Contino has packed several lifetimes into one, and yet he's still searching. Not for fame or fortune -- he's had his taste of both and knows they're fleeting -- but for enlightenment.
"My quest has never been to be an accordion great, per se," Contino says. "I'd rather be someone who understands me, understands people."
Contino looks years younger than his true age of 74. His tanned, slightly craggy and warm face is topped by a shock of white hair, and he still travels several times a year, performing coast to coast. His ardor for living gives him an ageless glow that no Botox needle could ever replicate. He's soft-spoken, but not timid, his voice strong with conviction.
"As long as I'm in good health, I'd just as soon travel and work," he says. "It keeps you alive, you know?"
More spiritual than religious, Contino has developed a philosophical, even Zen-like outlook on life which he says has kept him grounded through nearly six decades in show business, and through his effort to clear his name of the Army scandal.
"I was born and raised Catholic, but with all due respect, it left me with a great deal of hunger and unanswered questions," he says over a lunch of soup and salad at Capozzoli's restaurant on Maryland Parkway, speaking often of his quest to understand the human condition.
"The thing that gave me motivation in my youth to take up the accordion was not so much my love for the accordion or for music, but when I was in school, I was an innate nerd" who was afraid to talk to people. "If a pretty girl walked up and said 'Hello,' I'd freak. I wouldn't know what to say, so I'd go home and I'd take up the accordion and ... express my feelings through that.
"I found I really loved people all my life, and I wanted to understand this kinship in greater measure. And so that was my motivation to take up music, because I found that when I could perform, I could still communicate."
As a teenager growing up in Fresno, Calif., Contino was urged by his father, a Sicilian immigrant who owned a butcher shop, to pursue the arts instead of athletics. He did both for a while but eventually took his father's advice.
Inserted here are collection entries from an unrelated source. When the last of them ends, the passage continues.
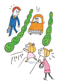 交通安全では、「止まる・待つ・見る」の3つが大切です。横断歩道があったら、「ここでは、この位置で止まって待つんだよ」と、その場で具体的に教えてください。子どもに歩道と車道の境界線の所で待つように言うと、本当に線ギリギリの所で待つことが多いんです。
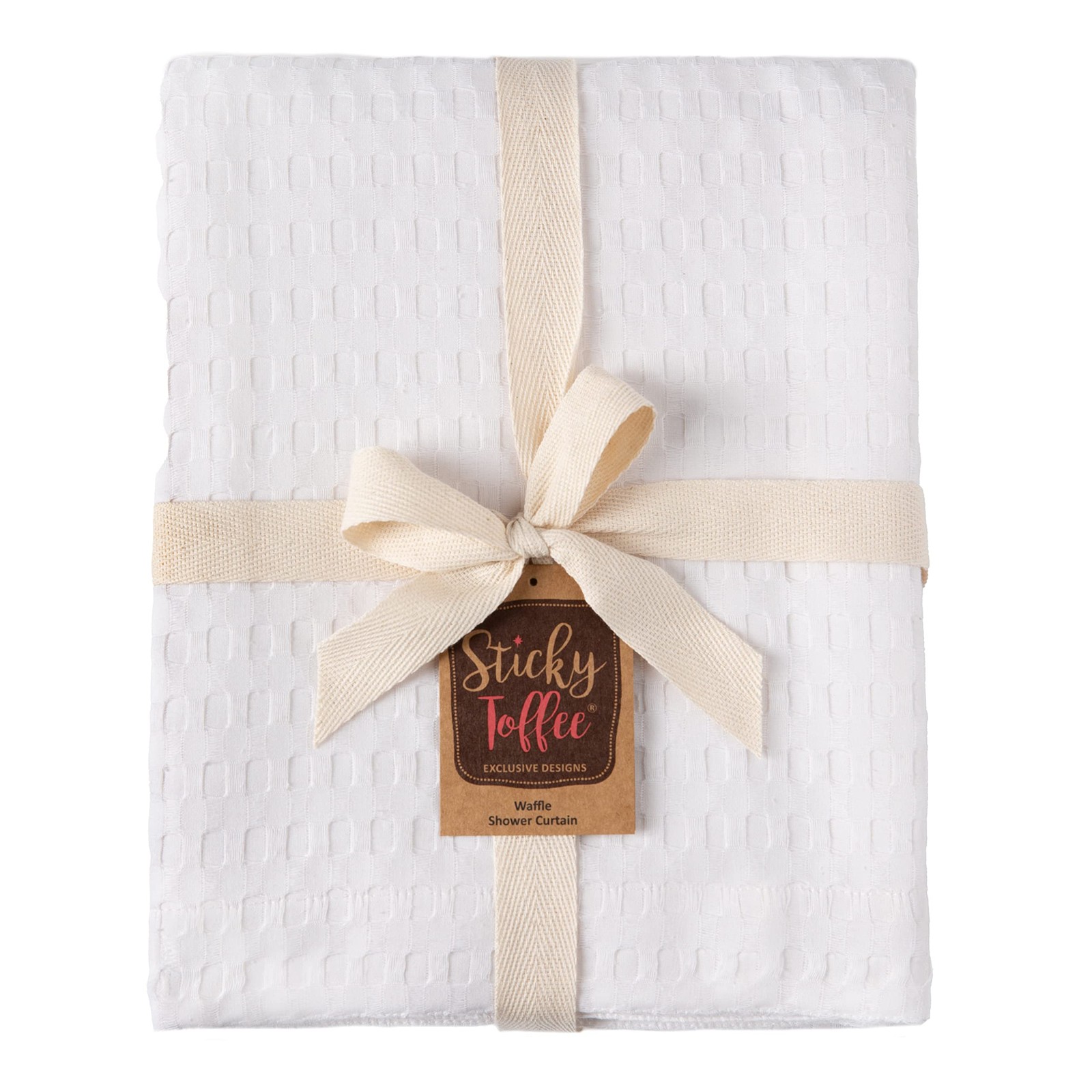 This woven waffle shower curtain is made of a durable, high-quality Oeko-Tex certified cotton polyester blend. Oeko-Tex ensures this product surpasses the highest standard of testing and helps you to make responsible decisions that protect our planet for future generations. Designed for a standard size bathtub shower for use with an interior waterproof shower curtain liner (waterproof liner not included). The waffle weave shower curtain features a fresh woven design that drapes beautifully for a timeless, clean look in your bathroom, spa or hotel. Machine wash and tumble dry for stress-free care. We’ve chosen a unique waffle weave that maintains its structure and size after washing. You don’t have to be afraid of shrinkage or deformation of the waffle fabric after laundering. Each curtain contains 12 ring holes that fit standard hooks or rings (not included) for a simple installation. OEKO-TEX CERTIFIED COTTON/POLYESTER: This woven waffle shower curtain is made of a durable, high-quality Oeko-Tex certified cotton polyester blend. Oeko-Tex ensures this product surpasses the highest standard of testing and helps you to make responsible decisions that protect our planet for future generations. 72 INCH X 72 INCH STANDARD SIZE: Designed for a standard size bathtub shower for use with an interior waterproof shower curtain liner (waterproof liner not included). SIMPLE WAFFLE DESIGN: The waffle weave shower curtain features a fresh woven design that drapes beautifully for a timeless, clean look in your bathroom, spa or hotel. CARE FOR YOUR SHOWER CURTAIN: Machine wash and tumble dry for stress-free care. We’ve chosen a unique waffle weave that maintains its structure and size after washing. You don’t have to be afraid of shrinkage or deformation of the waffle fabric after laundering. BUILT-IN RING HOLES: Each curtain contains 12 ring holes that fit standard hooks or rings (not included) for a simple installation.
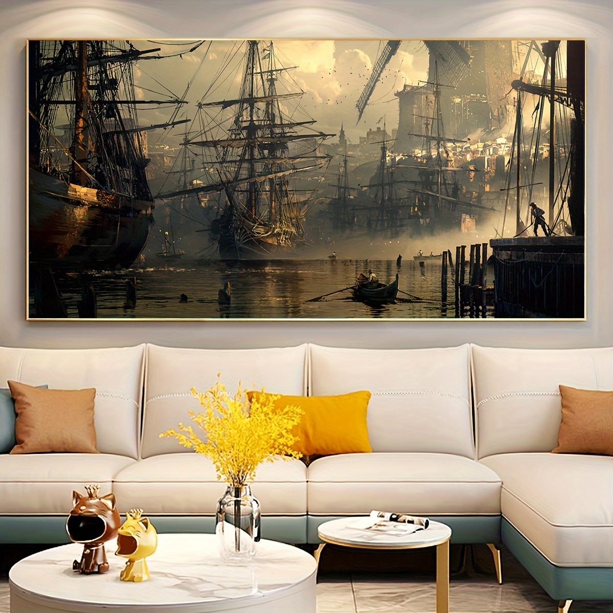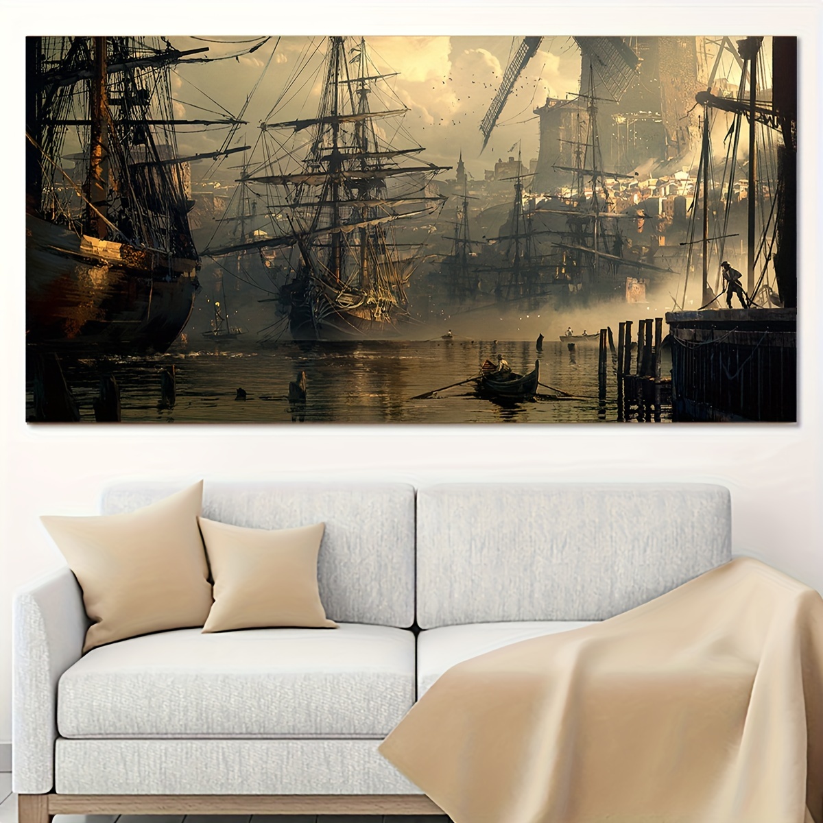Large Canvas Sailboat Oil Painting Print, High-Quality Wall Art for Living Room, Bedroom, Bathroom, Kitchen, Office, and Coffee Shop Decor

"He said, as time goes by, you get older, and you'll be old in your 30s (as an athlete). He said, the arts, it's like wine. ... You take care of your mind and body, time works for you. If you don't, like wine, you'll turn to vinegar."
His talent on the accordion quickly got him noticed around his hometown. In 1947, a scout for the Horace Heidt "Youth Opportunity" radio program came to Fresno, in search of amateur performers who would compete for weekly cash prizes en route to a $5,000 grand prize. Like "American Idol," the contestants relied on audience approval to advance (although this was back in the day when votes were registered by applause meter, not cell phones). The handsome, charismatic young man who made the girls swoon with his passionate playing came away with the top prize a year later.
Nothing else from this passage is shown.